|
|
|
|
|
by Fnoord
2043 days ago
|
|
There are very good reasons to avoid alcohol. Unborn child during (planned) pregnancy, for starters. Having to drive / commute / get home. Employment. Social responsibilities. Then there's the myth that in dinner it 'evaporates' (TL;DR it does not in a meaningful way). Think about it as well: if it would, they wouldn't take the effort to include alcohol. Alcohol is highly addictive, which alone is a valid reason to be afraid of it (e.g. my partner's father was an alcohol addict *and indirectly died from his addiction). There's a nice saying about if it'd get discovered tomorrow instead of 'existing' already it'd get illegal right away. It is also a hard drug. The only one available without a prescription. Having a high enough age ("being an adult") suffices. Turns out, a lot of people have the number of an adult age, but not the responsibility, plus more often than not alcohol addiction is a symptom of deeper rooted issues involving the individual. Still, it aids in a downward spiral. |
|
I'm going to take exception on this one. Alcohol acts as an _amazing_ pan deglazer and general solvent without any real substitute to carry flavors and aromas out of the pan and into the final dish. You don't even need much, maybe 2 tablespoons of wine get fond unstuck and dissolved.
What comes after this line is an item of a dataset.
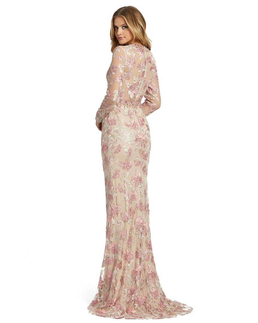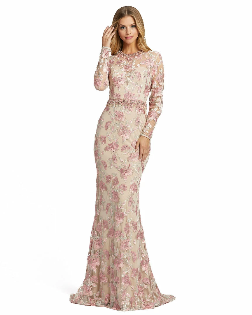 Floral applique trumpet gown with gorgeous waist and neck beading

Some of it _does_ evaporate, you can literally watch it happen as it reduces in volume. You can flash evaporate a tablespoon of wine and return to a dry pan if it's hot enough. What it's not going to significantly evaporate out of is adding alcohol to an existing volume of liquid like a red sauce. It'll happen but not in an ideal or useful time frame. But for deglazing, try swapping your deglazing wine with broth, water or even vinegar and it's easy to see, smell, and taste that they are not functionally equivalent, an alcohol does the job so much better.
Now, if you or someone in your home has a problem with alcohol addiction or your religion forbids it, I'm not going to tell you to change your ways but for the average home cook (even a nondrinker) a bottle of wine kept next to the stove strictly for cooking purposes is an undeniably valuable tool.